Delivered on March 10, 2005

As long as there is a forum in which questions can be asked by men and women who do not stand in awe of a chief executive and one can speak as long as one's feet will allow one to stand, the liberties of the American people will be secure.

Senator Byrd delivered the following remarks in the Senate, urging his colleagues to back away from the so-called "nuclear option" that would stifle debate first on judicial nominees, and then, perhaps, on all legislation.

“Freedom is a fragile thing and never more than one generation away from extinction. It is not ours by inheritance; it must be fought for and defended constantly by each generation, for it comes only once to a people. Those who have known freedom and then lost it have never known it again.” -- Ronald Reagan

I rise today to discuss freedom. Not the grandiose world-wide “freedom talk” one hears so much of. No. Not far-flung foreign policy goals. Rather my concern today is preserving our freedoms right in our own backyard here at home. Freedom, like a good garden, needs constant tending. One must watch for the worms in the wood. As Wendell Phillips, the abolitionist, orator, and columnist once said, “Eternal Vigilance is the price of liberty.” One must pay the price if one wants the blessing.

In a culture where sports metaphors are more common public parlance than historical analogies, our unique form of government, carefully restraining powers while protecting rights, presents a special challenge to maintain. The “winning is everything” philosophy so beloved by Americans may, without careful balance, obscure the goal of justice for all that must be the aim of a representative democracy. Demeaning minority views, characterizing opposition as obstructionist, these are first steps down the dark alley of subjugating rights.

Majorities can prevail by numerical force; they do not need protection from minorities. Yet, some would have us believe that minority voices threaten the larger public good in the case of presidential judicial appointments. The opposite is true.
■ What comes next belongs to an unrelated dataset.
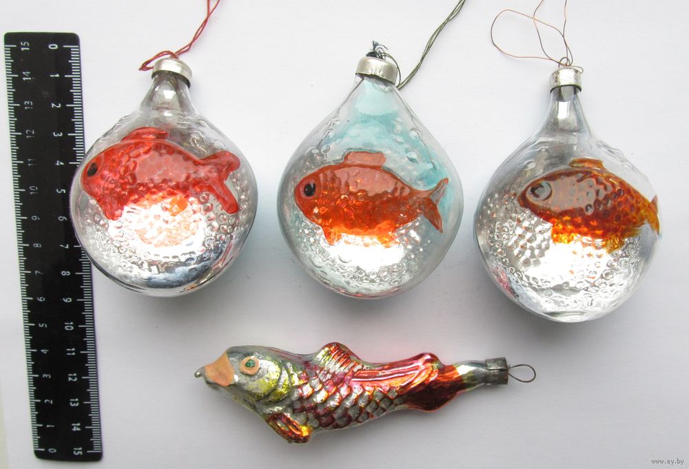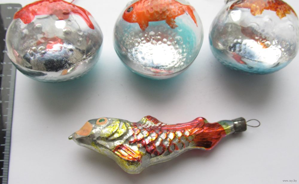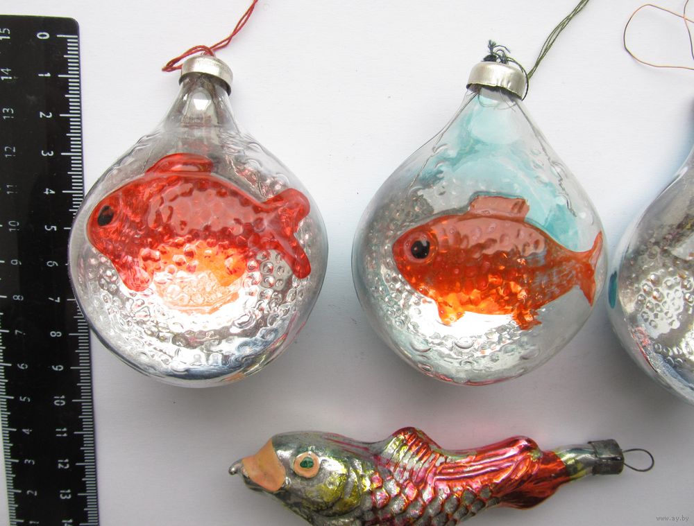Все лоты с рубля.Елочные игрушки Рыбы ,разновидности,СССР.

It is minorities who are most in jeopardy without fairness from the Federal bench. The persecuted, the disadvantaged, the poor, the downtrodden - - these are the very citizens who need the strong protection of an unbiased legal system. Appointees to the Federal Bench should be scrutinized for traces of ideological rigidity, or allegiance to political movements which could cloud impartial judgment. I, for one, do not favor activist judges of any stripe. I do not think that the proper role for a judge is to make new law from the bench, and my own preference is usually for strict Constitutionalists. “Conservative” judges can hold activist views just as can “liberal” judges. Such labels tell us very little. What we should strive for on the Federal bench is blind justice, that is justice absent a political agenda.

Judicial appointments must never be a “sure thing” for the bench, simply because they please the majority party, whether that majority is Democratic or Republican. Federal judges enjoy life tenure, making decisions of huge importance to the lives and livelihoods of our citizens. They are accountable to no one and no President can fire them. It is ridiculous to suggest that mere superiority of numbers in the Senate should, alone, guarantee confirmation. Such a claim reduces the Constitutional advice and consent function of the Senate to a pro forma rubber stamping of presidential judicial appointments, whenever the President’s party controls the Senate. We are talking about a separate branch of the Federal government here which wields tremendous power. There is no God-given right to a seat on the Federal bench. Should a minority have only the recourse of delay to defeat a judicial candidate of concern, that minority is well within its rights to filibuster. In fact, they would be derelict in their duty if they did not. There is no shortage of candidates for the Federal bench. Another name can always be offered. Our aim should be to select excellent judges acceptable across a wide spectrum of political views.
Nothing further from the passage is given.